# Math Help - help in question using Intermidate Value Theorem

1. ## help in question using Intermidate Value Theorem

i need to prove that the function $f(x)= 2tanx-\frac{1}{cosx}$ gets every real value in the open range $(-\frac{\pi}{2},\frac{\pi}{2})$
what i was able to do so far is to translate the function to: $\frac{2sinx-1}{cosx}$ and say..
let t>0 (at R); i know that $f(0)=-1$, so what is left for me to do in order to use Intermidate Value Theorem is to find a point which is bigger than t. but i'm stuck...

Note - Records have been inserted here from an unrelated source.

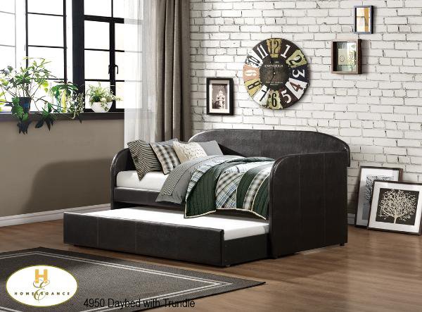 | The Roland Collection. With a modern design that includes clean lines and a dark brown bi-cast vinyl or modern gray fabric, the Roland Collection will be a functional addition to your home. Nestled below the twin bed is the easily accessed lower trundle unit. Casters make quick work of extending this extra sleep space. |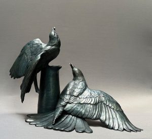 For example, Bird’s Eye View, another piece that debuted at the recent Quest for the West, appears to defy gravity despite its heavy medium — a single life-sized chickadee rests atop a long, graceful reed that gently bows under its weight. “You could just sculpt a bird and plop it on a base,” Stajcar states. “But design, flow, and balance matter to me.”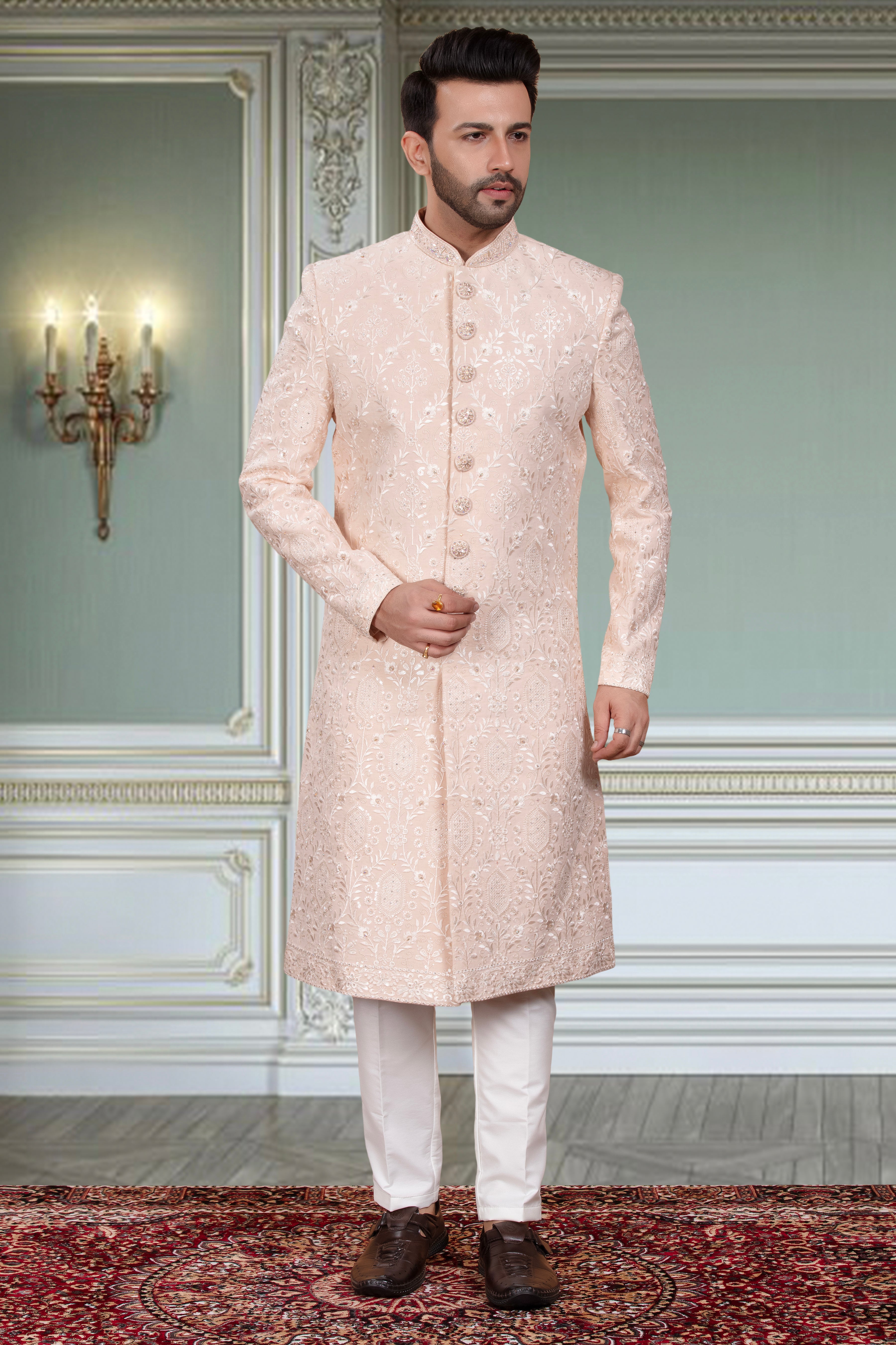 This mens sherwani (traditional Indian attire) features thread embroidery with sequin, adding intricate detail and shimmer. Perfect for formal and cultural occasions, this garment showcases skilled craftsmanship and adds a touch of luxury to any wardrobe.

2. ## Re: help in question using Intermidate Value Theorem

Originally Posted by orir
i need to prove that the function $f(x)= 2tanx-\frac{1}{cosx}$ gets every real value in the open range $(-\frac{\pi}{2},\frac{\pi}{2})$
what i was able to do so far is to translate the function to: $\frac{2sinx-1}{cosx}$ and say..
let t>0 (at R); i know that $f(0)=-1$, so what is left for me to do in order to use Intermidate Value Theorem is to find a point which is bigger than t. but i'm stuck...
First plot the graph.

You can consider ${\lim _{x \to {{\frac{{ - \pi }}{2}}^ + }}}f\;\& \;{\lim _{x \to {{\frac{\pi }{2}}^ - }}}f$

3. ## Re: help in question using Intermidate Value Theorem

what will help me consider those limits (infinity, and minus infinity)?

4. ## Re: help in question using Intermidate Value Theorem

Originally Posted by orir
what will help me consider those limits (infinity, and minus infinity)?

Well for each $0 < \varepsilon < 1$ the function $f(x)=\tan(x)-\sec(x)$ is continuous on $\left[ {0,\frac{\pi }{2} - \varepsilon } \right]$.

As such it takes all values in $\left[ {f(0),f\left( {\frac{\pi }{2} - \varepsilon } \right)} \right] \to \left( {0,\infty } \right)$.

You can make a similar argument for $\left( { - \infty ,0} \right)$.